Litespeed Ultimate (57 cm)
Ouzo comp fork
Forgie stem, bars
Cane Creek headset
Selle Italia seat (not changing)
Ultegra 9 speed
Dura ace pedals
Thompson elite seat post
Rolf prima elan wheels (for climbing, racing)
Speedcific wheels (DT, speedcific hub) on order for training

Thanks.


----------



## zoom52 (Oct 3, 2004)

You can do a number of things to lighten things up. It all depends on how much money you want to spend. 

I've got my 2002 Tuscany to 14.30. What helped the most was changing the fork and wheels. With all the light parts it still very comfortable and stiff.


----------



## oneslowmofo (Feb 29, 2004)

*Economical is relative...*

That said, it looks like you've already made the decision to lighten your wheelset with the Rolfs. Those are great wheels.

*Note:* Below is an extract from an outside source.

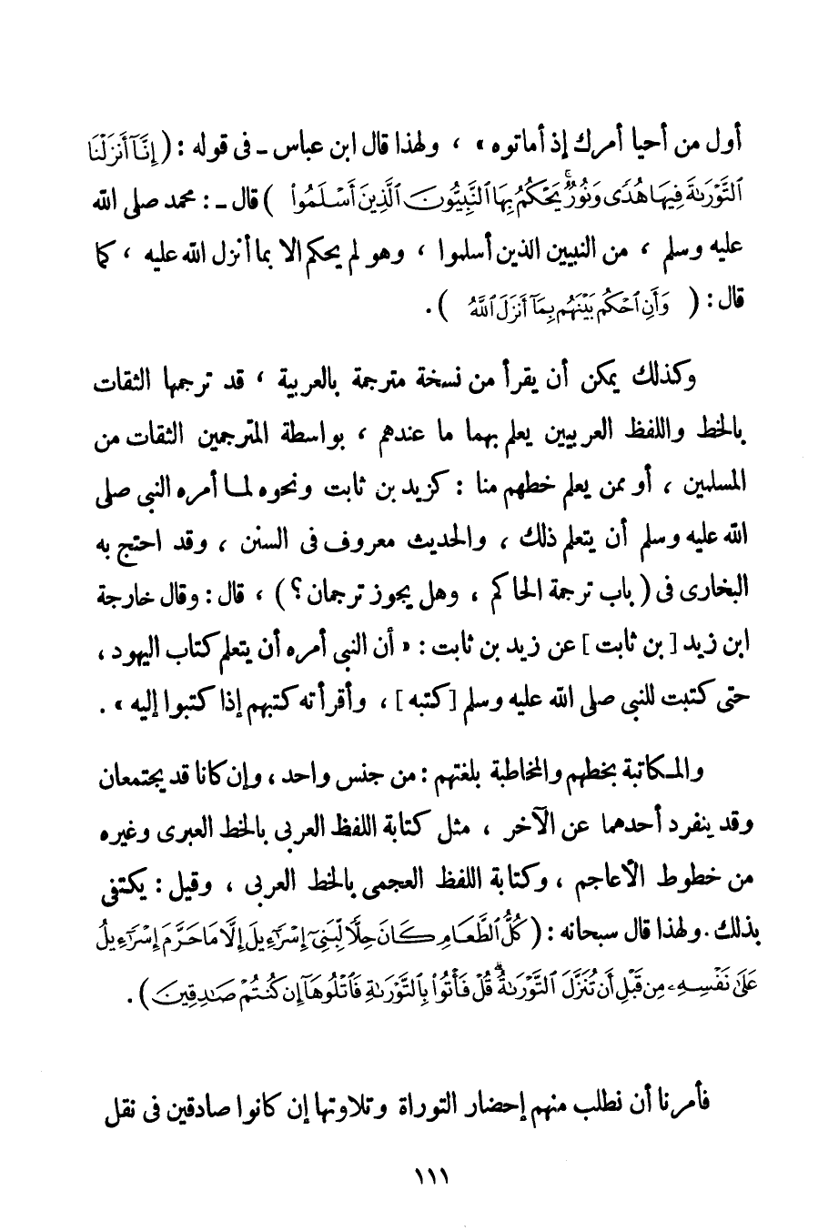 أَوَّلُ مَنْ أَحْيَا أَمْرَك إذْ أَمَاتُوهُ} وَلِهَذَا قَالَ ابْنُ عَبَّاسٍ - فِي قَوْلِهِ: {إنَّا أَنْزَلْنَا التَّوْرَاةَ فِيهَا هُدًى وَنُورٌ يَحْكُمُ بِهَا النَّبِيُّونَ الَّذِينَ أَسْلَمُوا} قَالَ -: مُحَمَّدٌ صَلَّى اللَّهُ عَلَيْهِ وَسَلَّمَ مِنْ النَّبِيِّينَ الَّذِينَ أَسْلَمُوا وَهُوَ لَمْ يَحْكُمْ إلَّا بِمَا أَنْزَلَ اللَّهُ عَلَيْهِ كَمَا قَالَ: {وَأَنِ احْكُمْ بَيْنَهُمْ بِمَا أَنْزَلَ اللَّهُ} . وَكَذَلِكَ يُمْكِنُ أَنْ يَقْرَأَ مِنْ نُسْخَةٍ مُتَرْجَمَةٍ بِالْعَرَبِيَّةِ قَدْ تَرْجَمَهَا الثِّقَاتُ بِالْخَطِّ وَاللَّفْظِ الْعَرَبِيَّيْنِ يَعْلَمُ بِهِمَا مَا عِنْدَهُمْ بِوَاسِطَةِ الْمُتَرْجِمِينَ الثِّقَاتِ مِنْ الْمُسْلِمِينَ أَوْ مِمَّنْ يَعْلَمُ خَطَّهُمْ مِنَّا: كَزَيْدِ بْنِ ثَابِتٍ وَنَحْوِهِ لَمَّا أَمَرَهُ النَّبِيُّ صَلَّى اللَّهُ عَلَيْهِ وَسَلَّمَ أَنْ يَتَعَلَّمَ ذَلِكَ وَالْحَدِيثُ مَعْرُوفٌ فِي السُّنَنِ وَقَدْ احْتَجَّ بِهِ الْبُخَارِيُّ فِي (بَابِ تَرْجَمَةِ الْحَاكِمِ وَهَلْ يَجُوزُ تُرْجُمَانٌ؟ قَالَ: وَقَالَ خَارِجَةُ بْنُ زَيْدِ بْنِ ثَابِتٍ {عَنْ زَيْدِ بْنِ ثَابِتٍ: أَنَّ النَّبِيَّ أَمَرَهُ أَنْ يَتَعَلَّمَ كِتَابَ الْيَهُودِ حَتَّى كَتَبْت لِلنَّبِيِّ صَلَّى اللَّهُ عَلَيْهِ وَسَلَّمَ كُتُبَهُ وَأَقْرَأْته كُتُبَهُمْ إذَا كَتَبُوا إلَيْهِ} . وَالْمُكَاتَبَةُ بِخَطِّهِمْ وَالْمُخَاطَبَةُ بِلُغَتِهِمْ: مِنْ جِنْسٍ وَاحِدٍ وَإِنْ كَانَا قَدْ يَجْتَمِعَانِ وَقَدْ يَنْفَرِدُ أَحَدُهُمَا عَنْ الْآخَرِ مِثْلُ كِتَابَةِ اللَّفْظِ الْعَرَبِيِّ بِالْخَطِّ الْعِبْرِيِّ وَغَيْرِهِ مِنْ خُطُوطِ الْأَعَاجِمِ وَكِتَابَةِ اللَّفْظِ الْعَجَمِيِّ بِالْخَطِّ الْعَرَبِيِّ وَقِيلَ: يُكْتَفَى بِذَلِكَ. وَلِهَذَا قَالَ سُبْحَانَهُ: {كُلُّ الطَّعَامِ كَانَ حِلًّا لِبَنِي إسْرَائِيلَ إلَّا مَا حَرَّمَ إسْرَائِيلُ عَلَى نَفْسِهِ مِنْ قَبْلِ أَنْ تُنَزَّلَ التَّوْرَاةُ قُلْ فَأْتُوا بِالتَّوْرَاةِ فَاتْلُوهَا إنْ كُنْتُمْ صَادِقِينَ} . فَأُمِرْنَا أَنْ نَطْلُبَ مِنْهُمْ إحْضَارَ التَّوْرَاةِ وَتِلَاوَتَهَا إنْ كَانُوا صَادِقِينَ فِي نَقْلِ

You could consider the following:

New bar and stem - deda and Ritchey's top end aluminum products are good performing and nicely priced compared to the carbon options out there. - about $200 for stem and bar

Trade the Ouzo Comp fork to a new Easton EC90 Superlight SLX fork - about $350

Seatpost - USE carbon Alien's are nice. - about $125

The prices are guesses but I'm sure you can find them on the web for those prices or lower. As for the weight saving, you' probably save about 200-300 grams (or close to half a pound). Beyond that you'd be looking at spending some big bucks to upgrade the group and/or possibly spend a lot of $$$ getting those Zero Gravity brakes.

This is no scientific but I had an Ultimate and know that it's not the lightest thing on the road. But honestly, that's not it's specific intent.

Enjoy your upgrade-itus.


----------



## vonteity (Feb 13, 2005)

12345


----------